Lo stipendio del lavoratore è composto da diverse voci che è importante conoscere per verificare la correttezza dei conteggi effettuati dal datore di lavoro.
Sei stato assunto di recente da un’azienda che applica il Contratto collettivo del commercio. Leggendo la busta paga, ti sei accorto che c’è una voce, che si chiama edr, di cui non conosci il significato.
Capita spesso che il lavoratore non riesca a comprendere il significato del proprio cedolino paga. In questo documento, infatti, si utilizzano dei termini che non sono di facile comprensione. Ad esempio, cosa vuol dire edr in busta paga?

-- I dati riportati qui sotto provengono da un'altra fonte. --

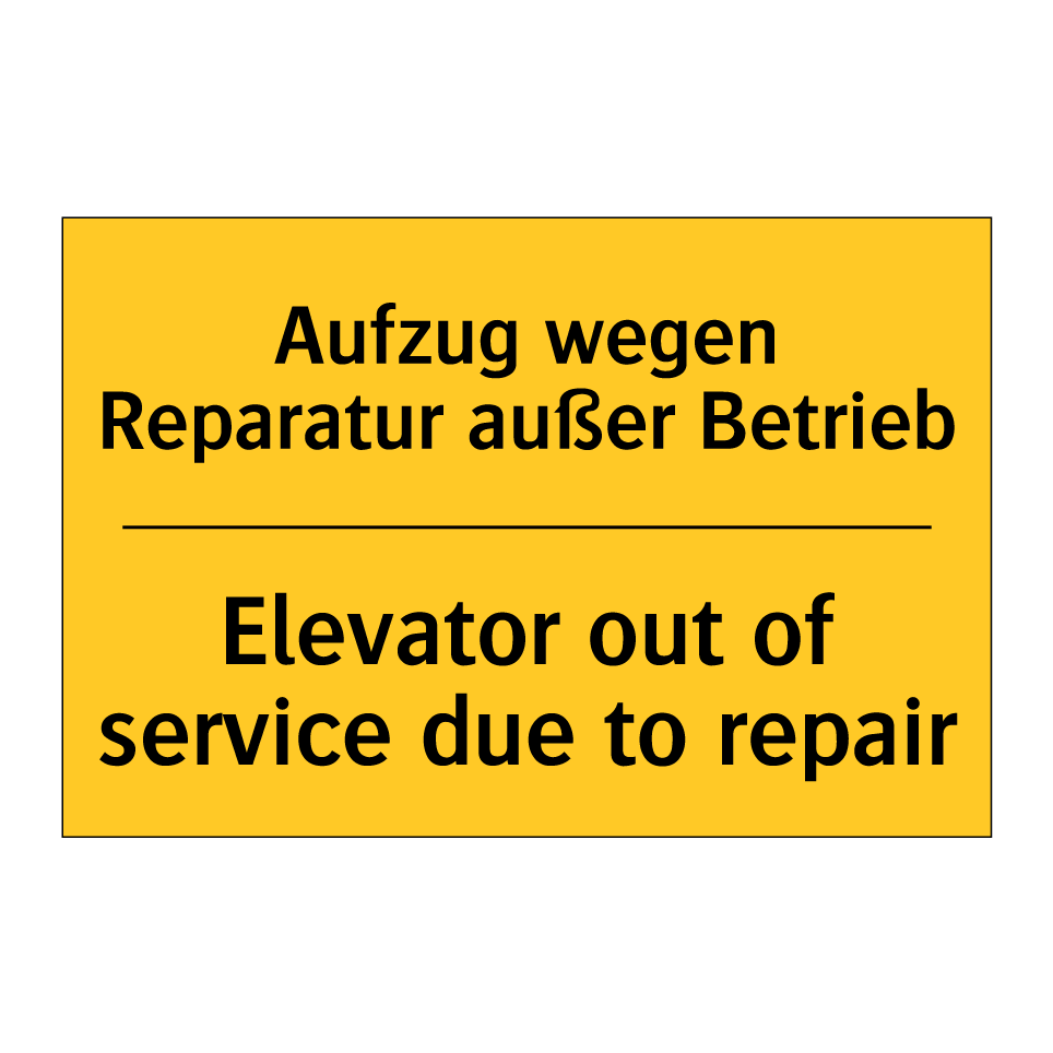 Zweisprachiges Warnschild mit deutschem Text Aufzug wegen Reparatur außer Betrieb und englischem Text Elevator out of service due to repair

Si tratta di una delle voci che compongono lo stipendio mensile che si ritrova in numerosi contratti di lavoro. Tale componente della retribuzione è stata introdotta nel 1993 per compensare l’abolizione dell’indennità di contingenza. Vediamo come funziona l’edr e come si applica.
Indice
Edr: cos’è?
Nella busta paga capita spesso di leggere, tra le voci che compongono lo stipendio, l’acronimo edr che sta per elemento distinto della retribuzione. Si tratta di una voce stipendiale, introdotta dal Protocollo di Intesa tra Governo e parti sociali del 1992, la cui erogazione ai lavoratori viene effettuata a partire dal 1° gennaio 1993.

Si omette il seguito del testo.